Run the following cell. Observe that a Scatter Plot chart type was selected. If you examine the Plot Options, notice that we have charted Age against Price. 

Be sure to update the table name  "usedcars\_clean\_#####" with the unique name created previously in this notebook.

In [39]:
%sql
SELECT Price, Age FROM usedcars_clean_##### WHERE FuelType = 'petrol'

** Challenge #4**

Can you explain what the chart suggests about the data?

Achieve the same using the matplotlib and pandas style:

In [42]:
import matplotlib.pyplot as plt
import numpy as np
import seaborn as sns

fig, ax = plt.subplots()
pdf = df_cleaned_of_nulls.toPandas()
ax.scatter(pdf.Age, pdf.Price)

display(fig)

Run the following two cells to see the distribution of KM and the relationship between KM and Price. Note the use of np.arrange to create the array used for bins in the histogram.

Do you notice anything out of the ordinary?

In [44]:
fig, ax = plt.subplots()

bins= np.arange(0, 250000, 5000)
pdf['KM'].plot(kind='hist')

display(fig)

In [45]:
fig, ax = plt.subplots()
ax.scatter(pdf.KM, pdf.Price)
display(fig)


Using Pandas it is very easy to calculate the correlations between all features:

```python
dataframe.corr()
```

We only want the correlation for features that are not categorical (remember that we consider binary features as categorical).   
In our dataset this corresponds to the features Age, KM, Weight, CC and HP.

__Exercise:__ Calculate the correlation matrix for all features that are not categorical. Remember to include `Price` since we also want the correlations between the features and the sales price.

In [47]:
# Run this cell and a very nice matrix will hopefully appear
fig, ax = plt.subplots()
sns.heatmap(pdf[['Price','Age', 'KM', 'Weight', 'CC', 'HP']].corr(),annot=True, center=0, cmap='BrBG', annot_kws={"size": 14})
display(fig)

Even with our limited knowledge about cars we expected a stronger correlation between horsepower and weight, and also between horsepower and displacement.  
However, we also know that diesel-engines are very different from petrol-engines, and so mixing these two types can make the correlation very weak. 

__Exercise__: Plot the correlation matrix for all cars using petrol as fuel.

In [49]:
### Your code goes here

__Exercise__: Plot the correlation matrix for all cars using diesel

In [51]:
### Your code goes here

Look at that!

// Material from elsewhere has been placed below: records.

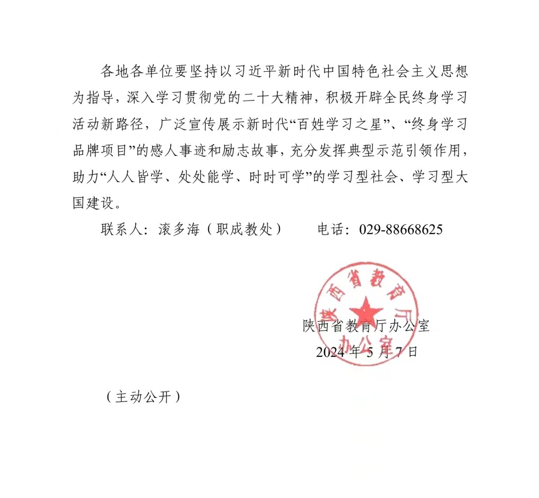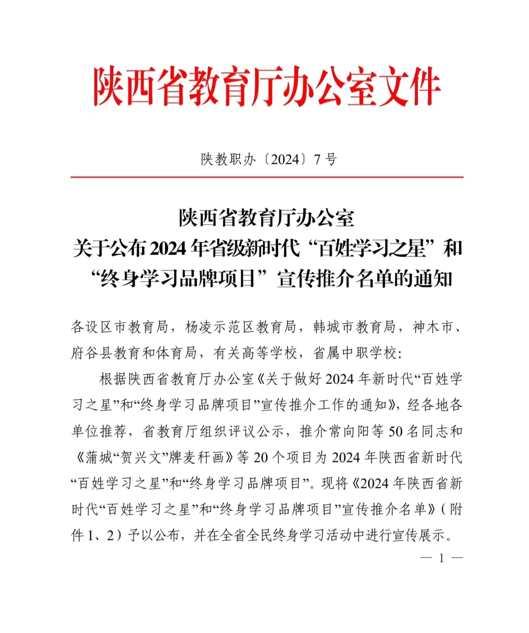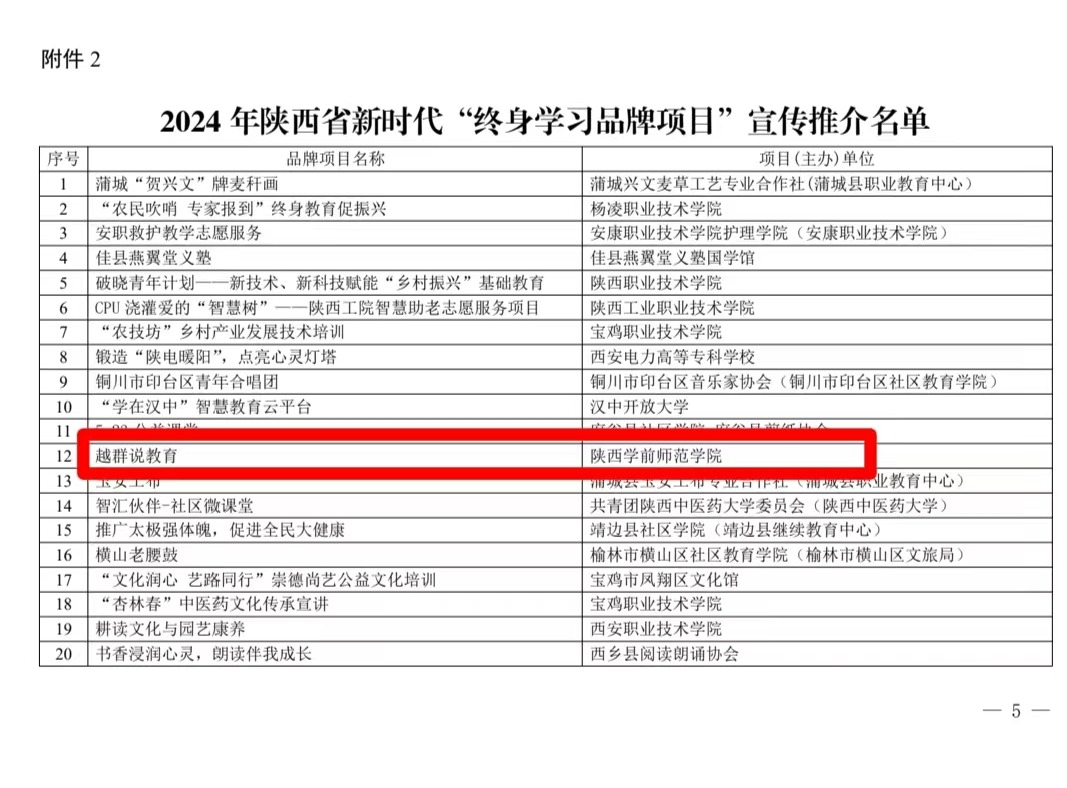 近日,陕西省教育厅下发《陕西省教育厅办公室关于公布2024年省级新时代“百姓学习之星”和“终身学习品牌项目”推介名单的通知》,Beat365王越群教授主持的“越群说教育”项目荣获陕西省新时代“终身学习品牌项目”称号。这是Beat365在学习型校园创建活动中,继一名教师荣获“百姓学习之星”称号之后取得的又一项成果。
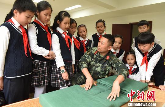 武警合肥支队十九中队班长高光田在向少先队员演示叠军被。 徐明摄
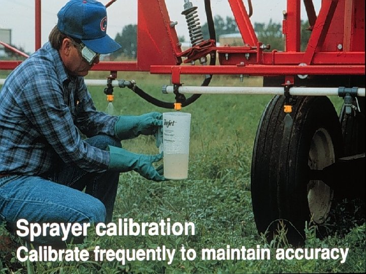 Checking for accuracy • Check several new nozzles – flow rate within 5 -7% of desired output? • Check flow rate frequently – adjust pressure to compensate for small changes output due to wear • Replace nozzles & recalibrate when: – output > 7% change from new nozzle – when pattern becomes uneven
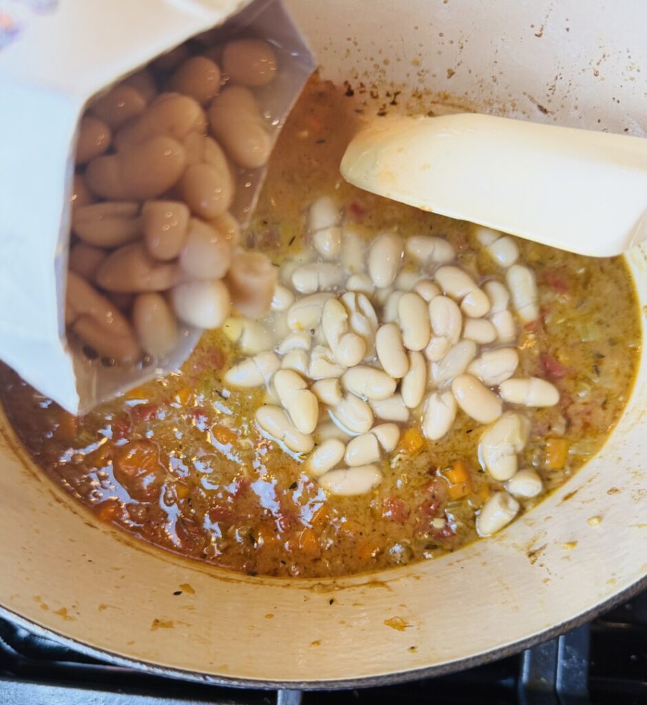 - Drain off about half of the liquid from the beans, and then add the beans and their remaining liquid.
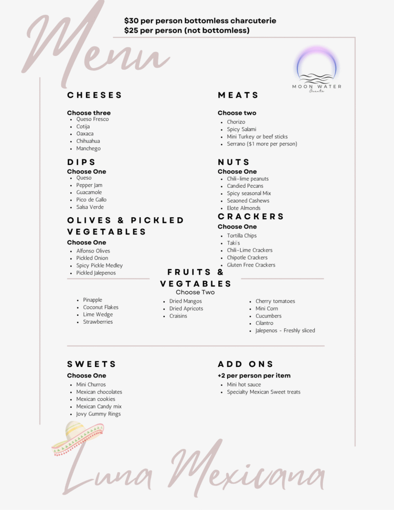 Mexican Inspired Charcuterie Menu
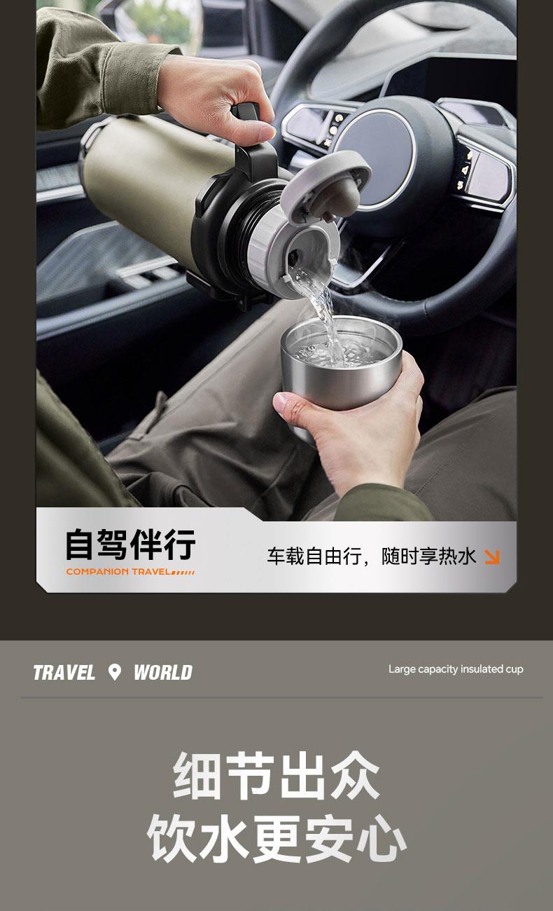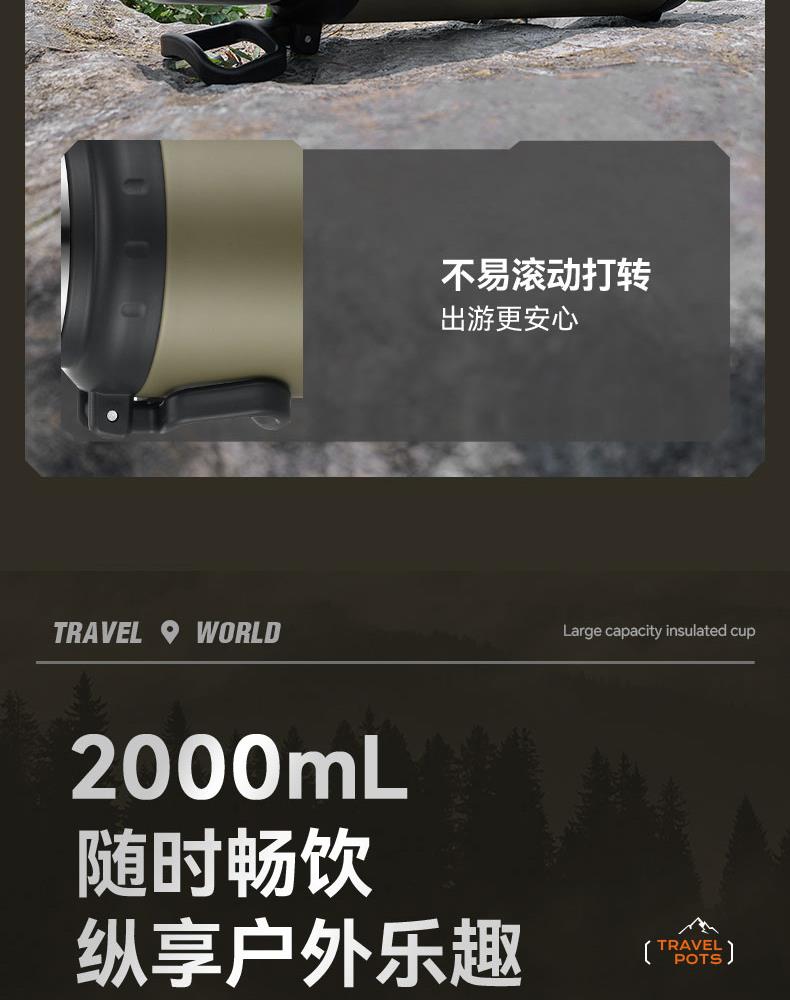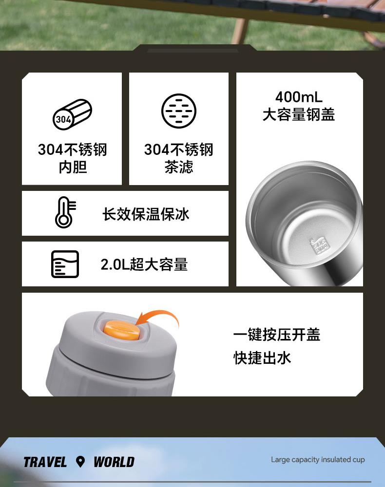 容量(L) 2.0L 材質(zhì) 內(nèi)膽304不銹鋼 規(guī)格參數(shù) 代發(fā)在庫顏色:高山綠/漫暮黑 商品毛重(kg):0.85 572*286*365 功能賣點 1、2L大容量,旅行、居家好幫手; 2、雙層鋼蓋,熱水入杯不燙手,飲用更安心; 3、強效保冷140小時+;保溫24小時+; 4、一杯雙用(直飲、杯蓋);
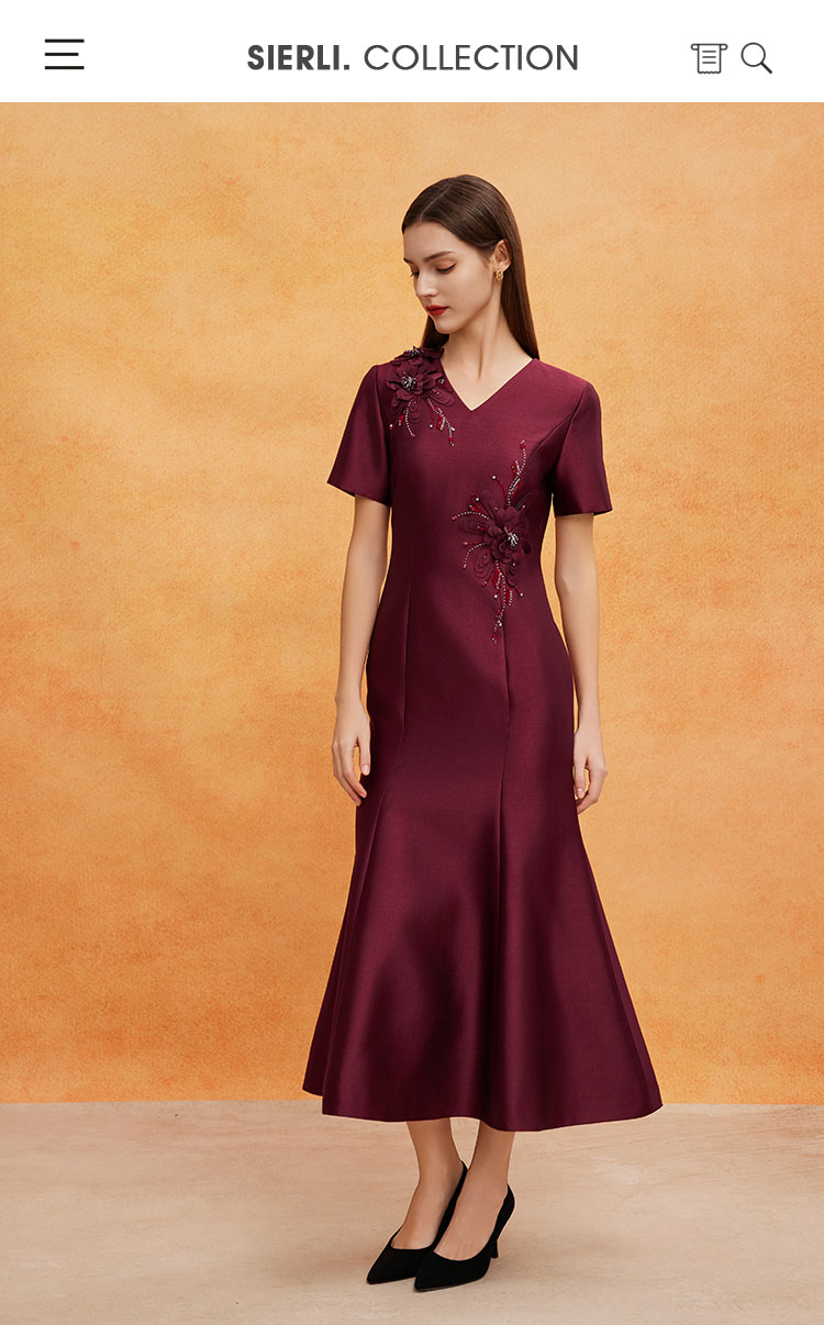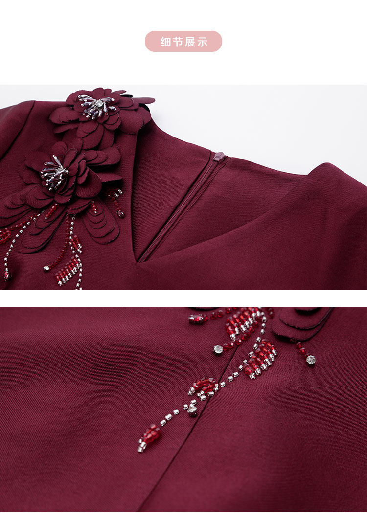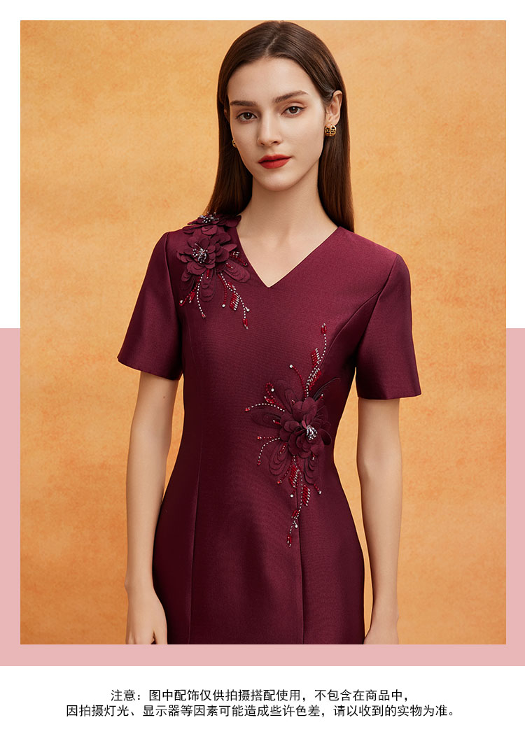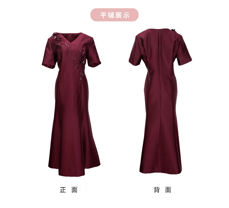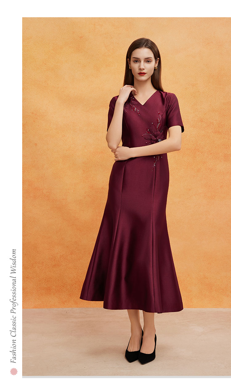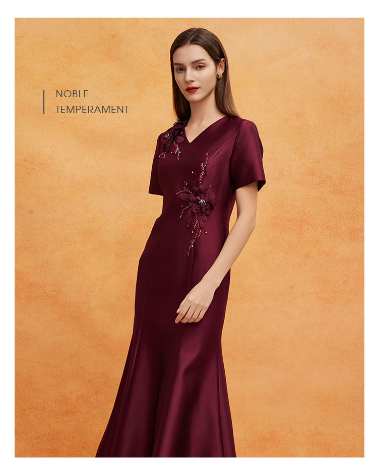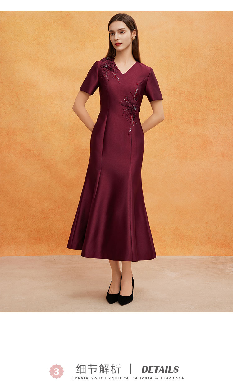 QF807斯尔丽2025新款宴会礼服手工立体刺绣高端大气喜妈妈修身连衣裙
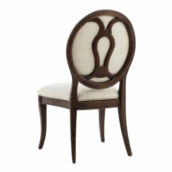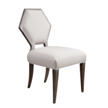 The Nelson Dining Chair features an elegantly understated design, with full upholstery and refined detailing, including a horizontal top rail and vertical back rail crafted in cerused white oak. The chair’s rails and gracefully tapered legs boast a warm Kona finish, offering a sophisticated touch to any dining setting.
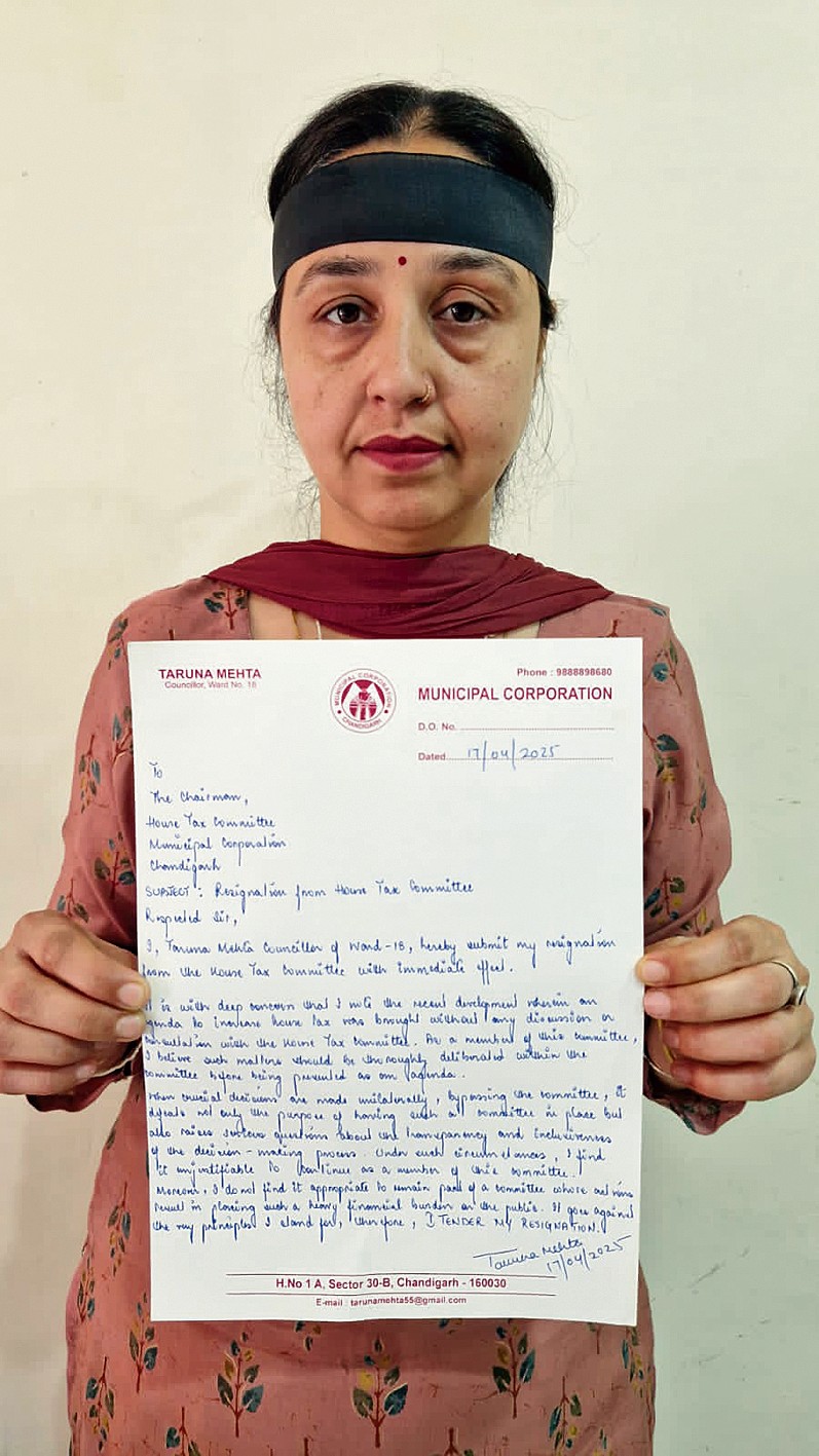 चंडीगढ़ में बढ़े प्रॉपर्टी टैक्स के विरोध में बृहस्पतिवार को नगर निगम की हाउस टैक्स कमेटी की मेंबर एवं डिप्टी मेयर तरुणा मेहता ने कमेटी से इस्तीफा दे दिया। तरुणा मेहता ने कहा कि अब इस कमेटी का और मीटिंग का कोई औचित्य ही नहीं रहा जहां पहले ही तीन गुना प्रॉपर्टी टैक्स के रेट बढ़ा दिए गए हैं। उन्होंने कहा कि मेयर द्वारा हाउस में एजेंडा लाने से पहले इस हाउस टैक्स कमेटी में इसकी डिस्कशन क्यों नहीं हुई? भाजपा ने पूरी प्लानिंग के साथ हाउस टैक्स कमेटी में यह एजेंडा न लाकर और मेयर द्वारा हाउस की मीटिंग में प्रॉपर्टी टैक्स बढ़ाने का एजेंडा लाकर पूरी प्लानिंग के साथ रिजेक्ट कर प्रशासन का कानूनी तौर पर रास्ता साफ किया ताकि प्रशासन खुद अपनी मनमर्जी से टैक्स लगा सके।

We got a reasonable correlation between HP and CC and between HP and Weight.   
We can also see that the correlation between HP and Price,  Weight and Price and KM and Price increased when we split the data on the fueltypes petrol and diesel.  

__This is very interesting and worth a closer look! (left as an exercise)__

You are now ready to move to the next step: <a href="$./04 Advanced EDA with Azure Databricks">Advanced EDA with Azure Databricks</a>

# Answers to Challenges
1. Seven rows are missing Price data. There are 1446 rows in the data set, but only 1439 of them have a value for Price.
2. Age and KM also have fewer that 1446 values. 
3. There should be 1436 rows after removing rows with missing values.
4. The chart suggests that the Price of the car appears to go down with an increase in Age. So the older the car, the cheaper it is.